III - Le Sahara atlantique : de Abdellah Ibn Yassine à Nasser Eddine.

Au début du second millénaire, le deuxième bloc Senhaji était en état de déliquescence, mais la direction Senhajie était consciente de la nécessité d’une organisation politique pour pouvoir profiter des revenus du commerce saharien entrepris par caravanes, et pour être en phase avec les développements importants que connaît le commerce à l’époque.

C’est ainsi qu’ils ont pu rebondir pour la troisième fois avec un socle religieux solide, pour constituer un bloc regroupant la quasi-totalité des tribus Senhaja, et pour réunir les moyens devant leur permettre d’atteindre leur objectif.

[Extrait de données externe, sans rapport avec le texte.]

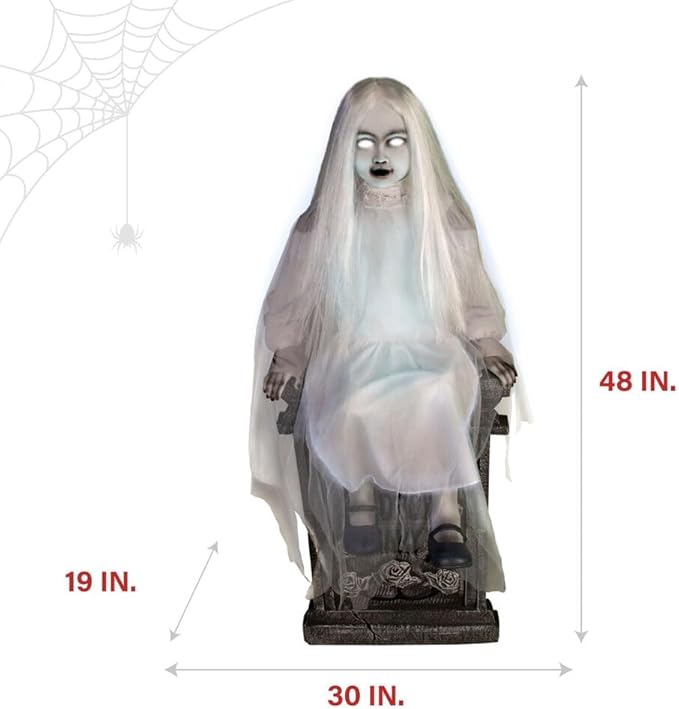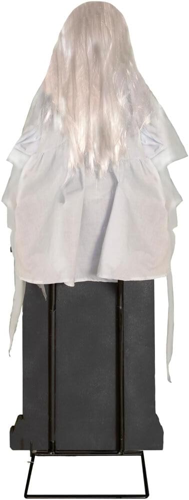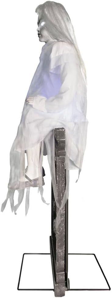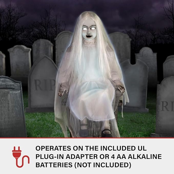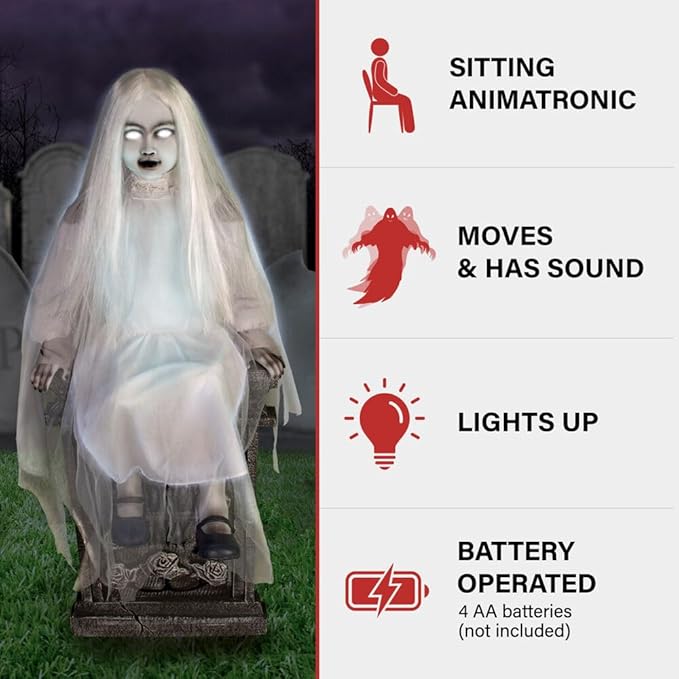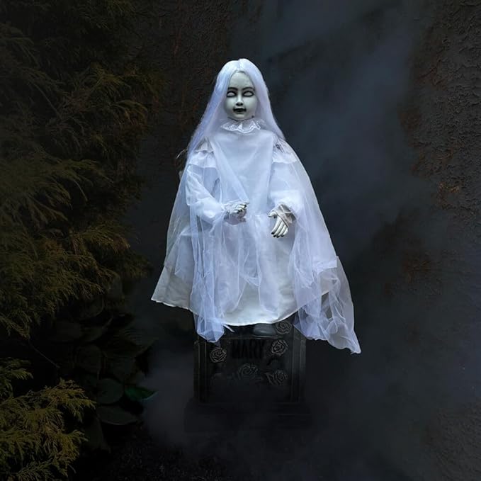 - Premium Life-Size Animatronic: Darcy, the sitting tombstone girl, will terrify your trick-or-treaters as she sits on a headstone, trapped between the living and the dead; Spine-tingling animation includes talking, humming, giggling, haunting sound effects, moving head, and swinging legs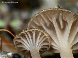 Hut 5-10 mm breit, konvex, auch leicht trichterförmig mit eingesunkener Hutmitte, stark gerieft mit gebördeltem Hutrand, hygrophan, durchscheinend

Pour ce faire, ils ont fait appel a un Fquih du Souss en l’an 1039, en l’occurrence Abdellah Ibn Yassine Al-Jazouli, disciple de Ouajaj Ben Zellou Lamti, cheikh de Ribat Nfiss.

Cette donnée historique témoigne de la symbiose tribale, religieuse et spirituelle entre l’espace saharien et ses prolongements marocains avec le Souss. Il en va de même pour les orientations qui étaient à la base des tendances politiques et religieuses de l’Imam Abdellah Ibn Yassine après le succès de ses prédications, et la naissance du mouvement Almoravide, qui nous indiquent l’ampleur des liens organiques et vitaux sur plusieurs plans entre ces deux espaces (Sahara et Souss).